New Baltimore, PA
How exposed is New Baltimore to wildfire?
USFS scores New Baltimore at the 55th national percentile for wildfire risk to structures (modestly above the national average for wildfire risk), a figure built from 127 real buildings rather than raw vegetation cover. (Source: USFS's Wildfire Risk to Communities methodology.)
Separately from the risk score above, New Baltimore's burn probability — fire likelihood with no building count factored in — sits at the 54th percentile nationally.
What "at risk" means for the buildings here
USFS classifies 73.2% of New Baltimore's buildings as Direct exposure, higher than its 26.8% Indirect share and far above its 0% Minimal share — a profile where 93 structures sit close enough to vegetation that lot clearing matters most.
New Baltimore against the rest of the country
Compare New Baltimore's two percentiles: 91st within Pennsylvania, only 55th nationally — a gap of 36 points that marks it as unusually exposed for its own state. Among the 31,521 US communities USFS scores, New Baltimore ranks 14,166 for wildfire risk (1 is highest) and 27,868 by building count (1 is largest). Within Pennsylvania alone, it ranks 181 of 1,991 places by risk. See the full county-by-county picture for Pennsylvania on its state page.

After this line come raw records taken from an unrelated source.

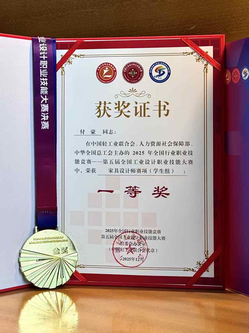 在刚刚落幕的2025年全国行业职业技能竞赛——第五届全国工业设计职业技能竞赛决赛中,我校风景园林学院家具设计与制造专业2023级付豪同学代表江苏省出征,凭借出色的设计理念、精湛的专业技能与扎实的综合素养,在竞争白热化的家具设计师赛项(学生组)中脱颖而出,一举摘得一等奖殊荣!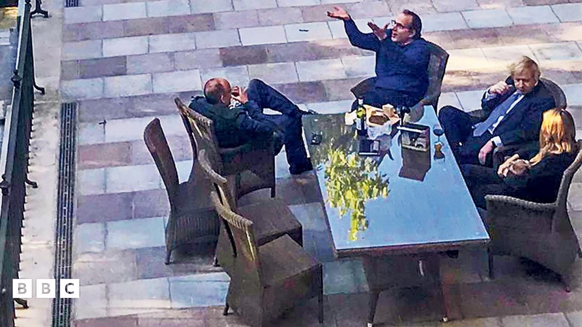 Downing Street have said the picture shows a "work meeting" and that meetings often took place outside during summer months.
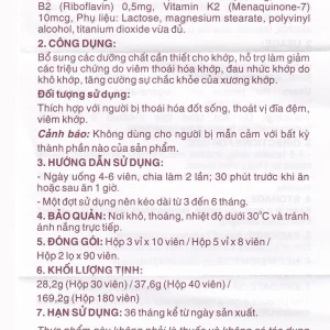 - Hỗ trợ quá trình tái tạo sụn khớp, góp phần làm chậm quá trình thoái hóa sụn khớp.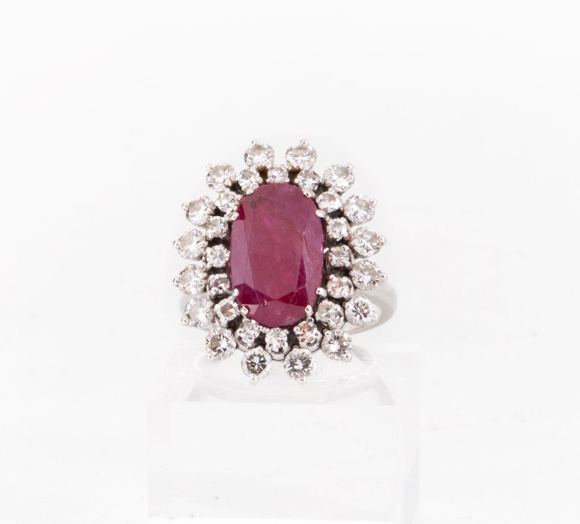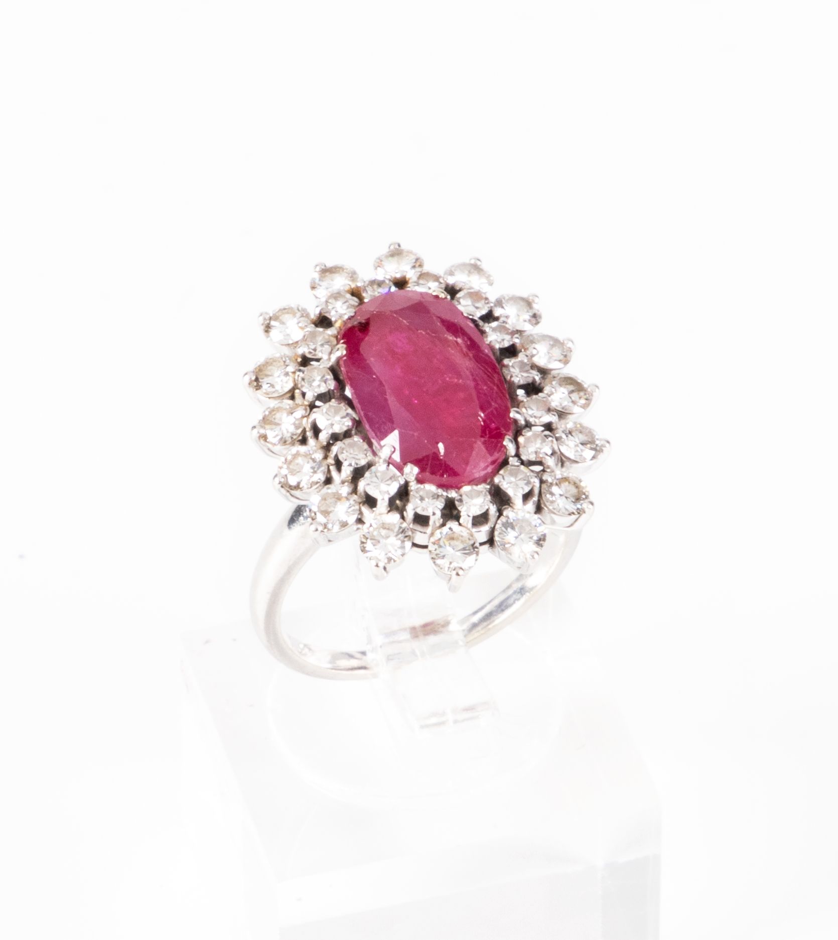 oro 18 kt, rubino ct 3,00 ca., diamanti ct 1,20 ca., misura 16, g 7,5.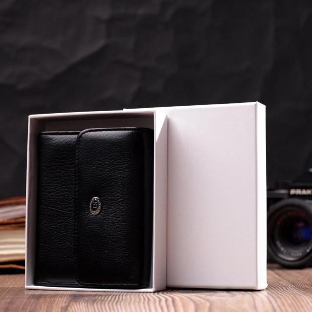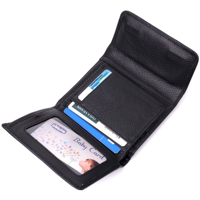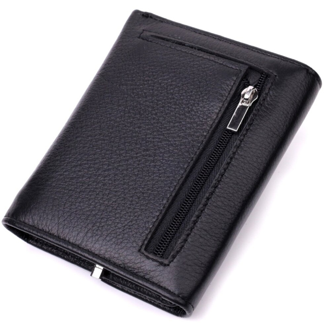 Практичний гаманець середнього розміру з натуральної шкіри найвищої якості. Аксесуар складається з одного місткого відділення для купюр, кишені на блискавці через всю довжину, шести осередків для карт, чотирьох прихованих кишень, кишеньки під плівкою та зовнішньої кишені на блискавці, що чудово прослужить для монет. Зовні виріб прошитий рівним рядком по краю і прикрашений металевим логотипом компанії виробника, який розміщений на клапані посередині. Портмоне доповнено надійною фурнітурою та міцною підкладкою. Укомплектований гаманець у фірмову картонну коробку білого кольору. Виріб стане ідеальним подарунком для дівчини будь-якого віку.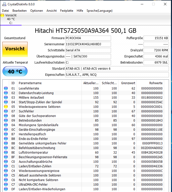 Ja und bei wirklich mobil genutzten Notebooks ist dies auch nicht ungewöhnlich. Dies dürfte auch die wiederzugewiesenene Sektoren erklären, außerdem ist es noch eine Hitachi, also eine aus der Zeit vor dem Verkauf der Festplattensparte an WD, denn im Zuge des Verkaufs wurde diese in HGST umbenannt. Die hat also ihre vom Hersteller geplante Lebensdauer hinter sich und daher würde ich sie durch eine SSD ersetzen, die stören sich nicht an den Stößen und eine ordentliche wie die MX500 500GB kostet ja nun auch nicht die Welt und man kann sie dann ins nächste Notebook übernehmen.fanatiXalpha schrieb:Der Beschleunigungssensor hat auch ordentlich oft ausgeschlagen

What this risk score means for insurance
New Baltimore's elevated wildfire rating (55th percentile) isn't the kind of score driving the carrier pullback making news in the highest-risk Western markets — but a standard homeowners quote is still worth comparing on its own terms.
Hardening a home in New Baltimore
New Baltimore's 73.2% Direct-exposure share means lot clearing around the structure typically outweighs any single material upgrade here. The home-hardening guide ranks the options for a place shaped like this.
Where New Baltimore's figures come from
The methodology guide shows exactly how USFS turned 127 counted buildings into the percentiles shown above for New Baltimore. The exposure-zones guide covers what New Baltimore's dominant direct exposure actually means, with real examples from across the dataset.